Speaking to the Automotive Press Association in Detroit, Annette Sykora on Tuesday urged fast government action on putting a $700 billion financial industry rescue plan in place.

The Lubbock, Texas-area auto dealer says quick action will thaw frozen credit, restore consumer confidence and help the auto industry.

"This credit crunch is real on Main Street,'' she said.  "If the country can break the credit freeze on Wall Street, then we can help provide the economy on Main Street.''

About 94 percent of vehicle buyers in the country finance their purchases, but even those with credit scores in the 700s, previously considered good credit, cannot get financing, Sykora said.

Dealers with good credit also are having trouble getting financing for their inventories, Sykora said.

Auto financing, she said, isn't part of the mortgage default problem that spiraled into the credit crisis on Wall Street, bringing down several banks. Lenders and consumers, she said, knew autos would depreciate in value.

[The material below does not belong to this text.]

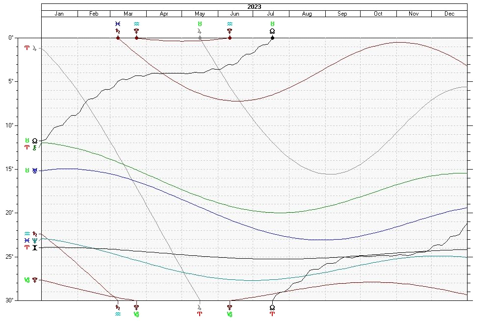 The first major astrological event is that Pluto enters Aquarius in March of 2023. This will change many things on the Earth. Neptune will enter Aries in 2024-2025. Uranus will enter Gemini in 2025. These three outer planets will change their astrological signs at about the same time. They will together create a beautiful sextile, a harmonious aspect in astrology. This astrological configuration will lead to a new Renaissance.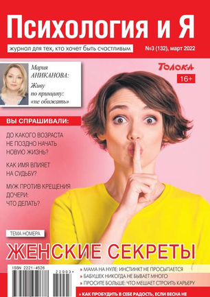 Журнал для тех, кто любит жизнь, стремится к гармонии с окружающим миром и с самим собой. Главная тема каждого номера – взаимоотношения между мужчиной и женщиной, родителями и детьми.

"Mortgages were assumed to be a non-depreciating asset. That's where this all started,'' she said.
  
There currently are more than 20,000 auto dealers in the country, and even in good times, some of them go out of business. About 430 dealerships closed last year and 295 closed in 2006, according to the NADA.

The estimate of 700 dealers going out of business does not include new dealers that will enter the market.

Sykora, who took her post in February, also said that automakers' finance arms have raised interest rates that they charge dealers for their inventories. As a result, dealers will either have to figure out a way to cut costs or raise prices, she said.

"Once the dealers do what they have to do to cover their expenses, then they know what that number is. It could impact consumers. They don't need that now, either,'' she said.
  
Industrywide U.S. auto sales last month fell below 1 million for the first time since February 1993, which nearly all automakers said was influenced by tighter credit standards knocking buyers from the market. Others likely stayed away from showrooms because gas remains expensive, or job losses and declining housing values have people curtailing their spending.

The NADA has projected this year's vehicle sales to total about 14.2 million units, down from 16.1 million units last year and 16.5 million in 2006.